Excerpted records ::
■ ■ ■ ■ ■ ■ ■
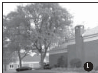
Village Hall (adjoining the Roslyn Saving Bank).
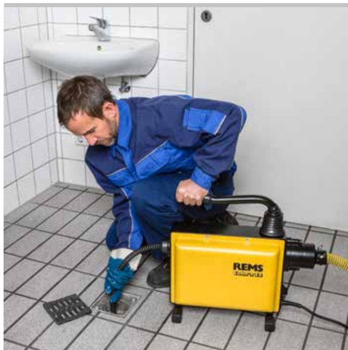
German Quality Product

Large variety of pipe and drain cleaning tools (page 286 – 287), also fit into pipe and drain cleaning machines of other makes.
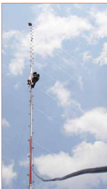
The radio repeater in Toeuk Chhou District of Cambodia's Kampot Province

A radio repeater receives a weak or low-level signal and retransmits it so that the signal can cover longer distances.
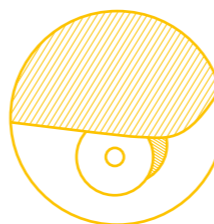
Roller Roller system
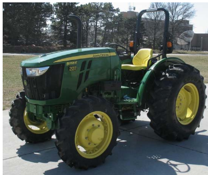
John Deere 5055E Diesel
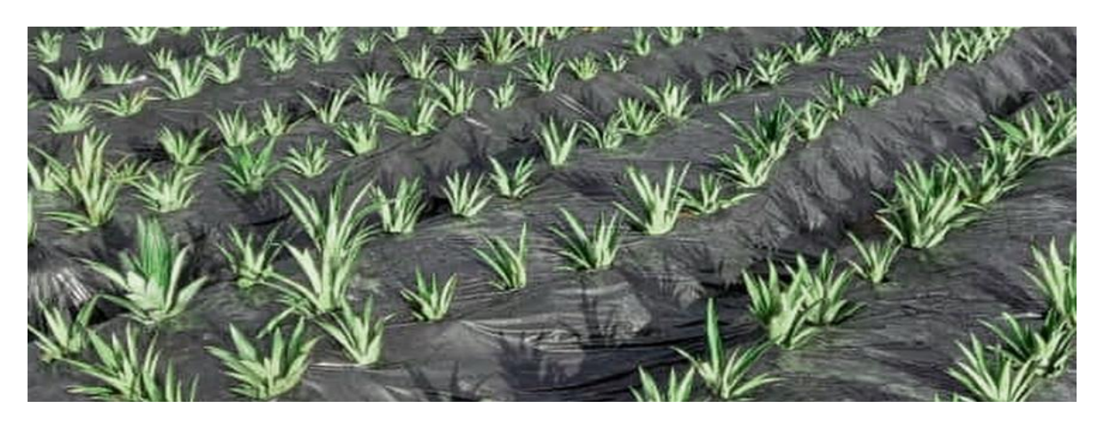
Fig.3 Double row planting system of Pineapple.
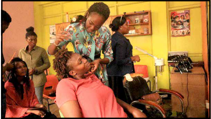
MTAC Hairdressing Students during a Practical
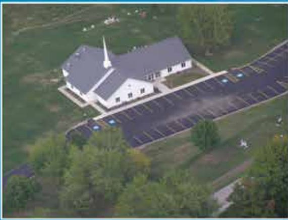
South Harpersfield United Methodist Church Geneva, Ohio
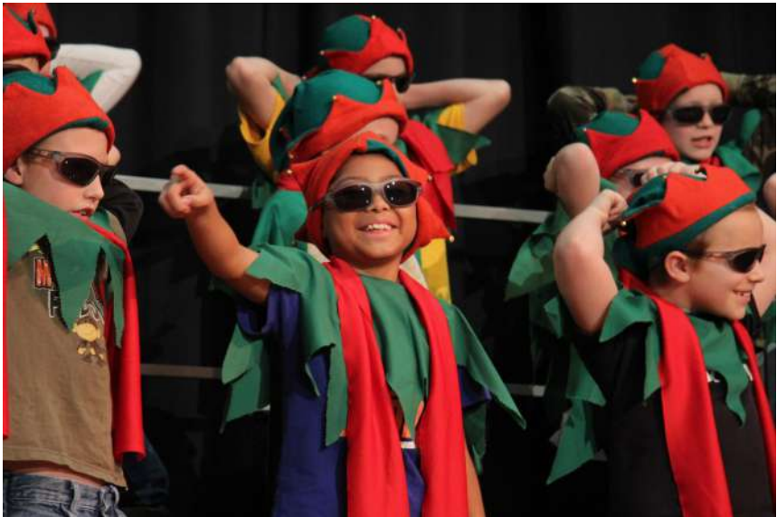
Third graders do their best Elvis impersonations for “Elves Lives.”
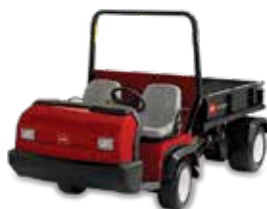
Workman HD/HDX/HDX-D Series

Workman MD/MDX/MDX-D utility vehicles enhance productivity and operator comfort with Superior Ride Quality (SRQ™) and the highest total carrying capacity in their class.
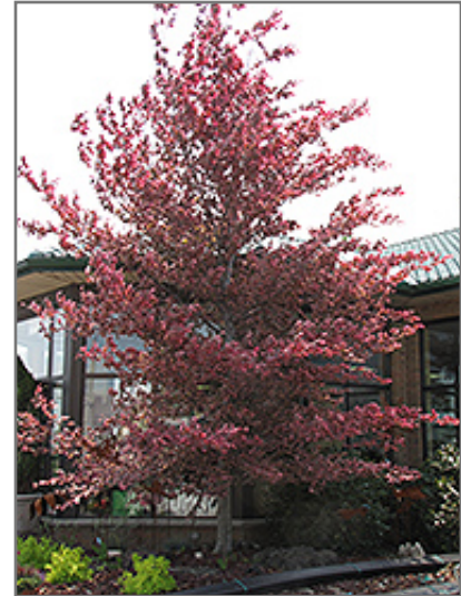
Tricolor Beech
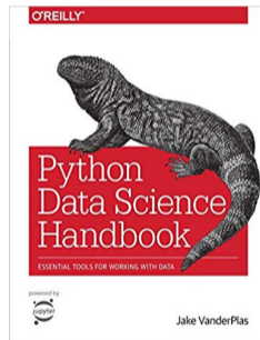
Figure: Python Data Science Handbook [Amazon][Free web version]
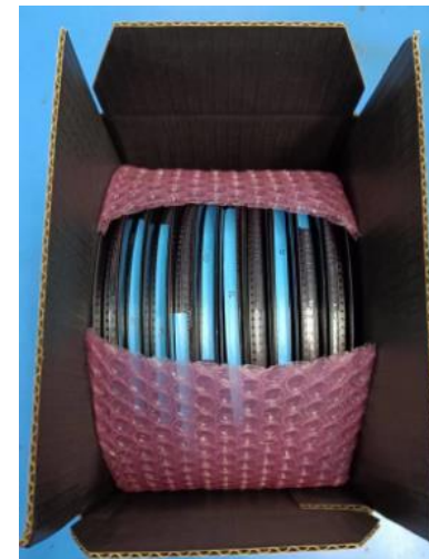
卷盘装盒 Put reels into box.
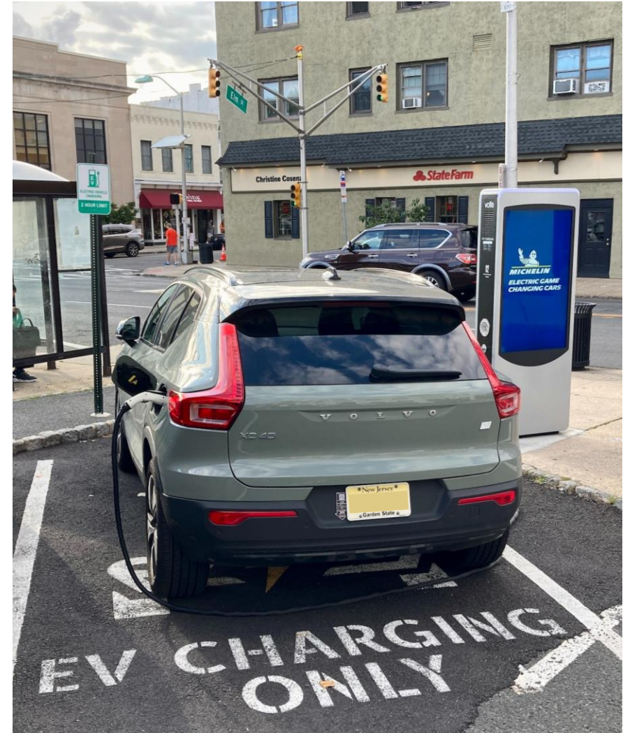
Westfield Train Station
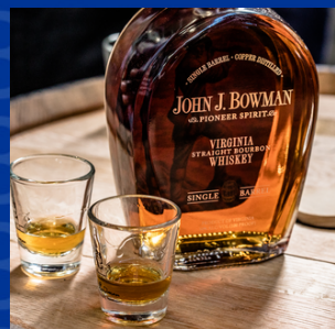
A. Smith Bowman Distillery
■ ■ ■ ■ ■ ■ ■
How to complete this task :: Print exactly the lines from the first line of the records above through the line containing "The radio repeater", both included, and leave the pictures out.

Answer box ::
Village Hall (adjoining the Roslyn Saving Bank).
German Quality Product

Large variety of pipe and drain cleaning tools (page 286 – 287), also fit into pipe and drain cleaning machines of other makes.
The radio repeater in Toeuk Chhou District of Cambodia's Kampot Province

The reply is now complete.